Segment Start: MATERIAL SHOWN
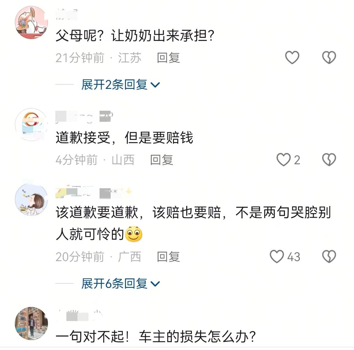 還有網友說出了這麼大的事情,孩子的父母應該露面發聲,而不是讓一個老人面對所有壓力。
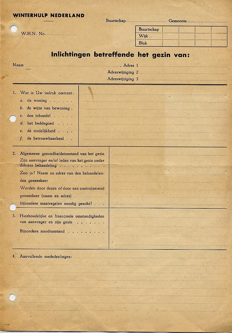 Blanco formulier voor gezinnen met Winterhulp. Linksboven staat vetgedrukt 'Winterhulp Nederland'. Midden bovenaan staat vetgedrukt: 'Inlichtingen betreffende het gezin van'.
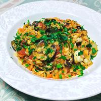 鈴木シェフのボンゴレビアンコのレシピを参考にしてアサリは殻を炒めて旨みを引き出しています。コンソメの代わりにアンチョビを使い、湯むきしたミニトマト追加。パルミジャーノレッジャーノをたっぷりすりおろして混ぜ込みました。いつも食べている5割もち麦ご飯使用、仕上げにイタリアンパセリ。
Segment End: MATERIAL SHOWN
Segment Start: MATERIAL SHOWN
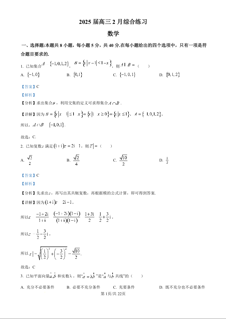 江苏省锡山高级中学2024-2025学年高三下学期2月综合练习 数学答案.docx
Segment End: MATERIAL SHOWN
:: WHAT THE TASK ASKS ::
Look above for the line with "還有網友說出了這麼大的事情,孩子的父母應" and the line with "Blanco formulier voor", then copy them and all lines in between exactly as written, and only those, without any pictures.

:: TASK RESULT ::
 還有網友說出了這麼大的事情,孩子的父母應該露面發聲,而不是讓一個老人面對所有壓力。
 Blanco formulier voor gezinnen met Winterhulp. Linksboven staat vetgedrukt 'Winterhulp Nederland'. Midden bovenaan staat vetgedrukt: 'Inlichtingen betreffende het gezin van'.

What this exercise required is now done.